Things Nobody Does in Real Life (Pt II)

When it comes to television, suspension of disbelief is important. A certain quieting of the voice in one’s head that says “that seems unrealistic” is necessary to enjoy some of the best shows.

For the most part, I don’t find this a problem. The mind can conceive of a world in which Michael Scott becomes a regional manager of an office, or a law enforcement branch is staffed entirely by massive rides, or a ten-year-old child leaves home to hunt and capture monsters across the world.

There are some things, however, I cannot accept. The following are examples.

Character one: I have something to tell you.

Character two: I have something to tell you, too!

Character one: You go first.

Character two: Something relatively mundane.

Character one: Reaction.

Character two: What did you want to tell me?

Character one: Never mind.

Character two: Cool.

EXCUSE ME? Are you trying to kill me, Character two?! Maybe I’m extraordinarily nosy, but I can’t be the only one who would lose my shit if I was Character 2. Especially if Character one had said it was really important, which they often do, then go on to say “never mind” like it was nothing, but it was really important five minutes ago! Here’s how the conversation would go IRL.

Character 1: Reaction

Caoimhe: What did you want to tell me?

Character 1: Never mind.

Caoimhe: No, seriously, what was it?

Character 1: It’s not important.

Caoimhe: It seemed important before, I should have let you go first!

Character 1: Don’t worry about it. It’s nothing.


I would HAVE to find out.

There are other situations where the characters’ curiosity should be aroused but they are completely disinterested, like when a character leaves suddenly without explanation. Somehow, the other characters continue on with their activity without commenting on the other person’s sudden up-and-leave. This would never happen in real life.

It usually goes something like this:

Character 1: Triggering or revealing information, maybe.
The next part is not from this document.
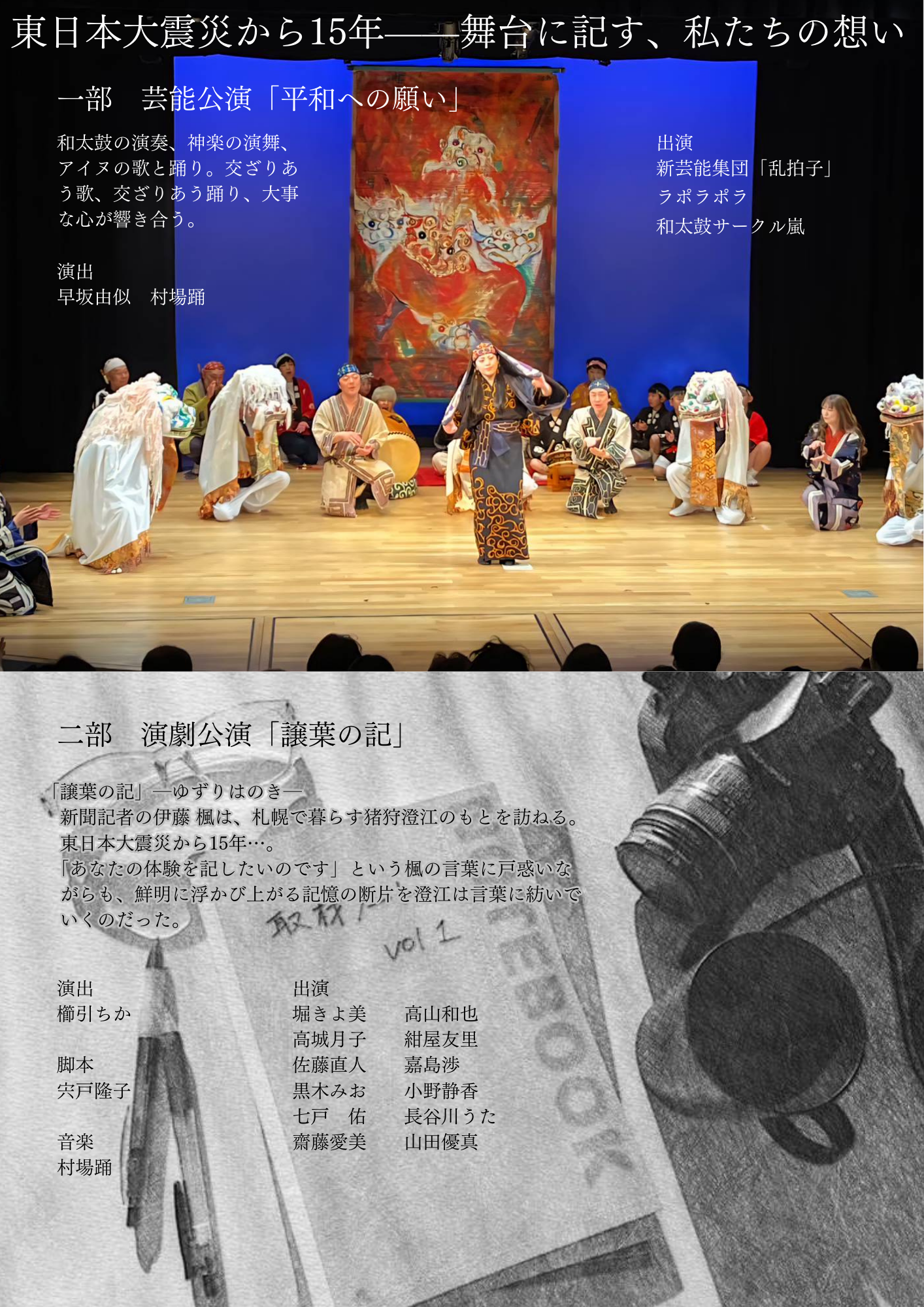 作品に対する思い。東日本大震災と東京電力福島第一原子力発電所の事故から15年が経過しようとしています。すでに終わったこと…復興という言葉すら、すでに過去になりかけているけれど、実はなにも終わっていない。澄江「私たちがいなくなったとき、すべてはなかったことにされる…。」演劇は、それを観た人の胸に、小さな楔をうちます。悲しいことが繰り返されないように、少しでも考えるきっかけを誰かに持ってもらえたら…。そんな思いでこの脚本を書きました。

Character 2: I have to go (leaves)

Character 1 and the rest of them: We are all fine with that. Let’s get on with our day.

Yet, IRL:

Character 2: I have to go (leaves)

Caoimhe: Hang on, where are you going? Guys, where is he going?

Character 1: Who cares?

Caoimhe: He left so suddenly, that’s not normal! Don’t you think he was reacting to something you said? I think we should call and text him constantly until he tells us what’s going on. This might be the most interesting thing that has ever happened!
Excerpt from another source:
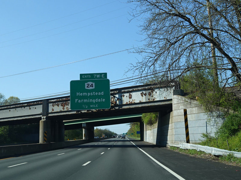 Exits 7W-E are for Hempstead Turnpike (NY 24).

I might even follow him out of curiosity. Also, that was pretty rude.

Fictional characters have no curiosity. Then again, they don’t need it.

TV characters – and the viewers, by extension – are safe in the knowledge that the writer will reveal all to them by the end of the episode. In real life, we do not have this guarantee. If someone behaves mysteriously, the likeliness of their motives being revealed in 30minutes is very, very low.

So, really, we have no choice but to demand complete transparency and immediate satisfaction from everyone, otherwise, we will be tortured by the wondering.

Do not be tortured by the wondering and do not torture with the wondering. Life is not scripted and it’s not fair.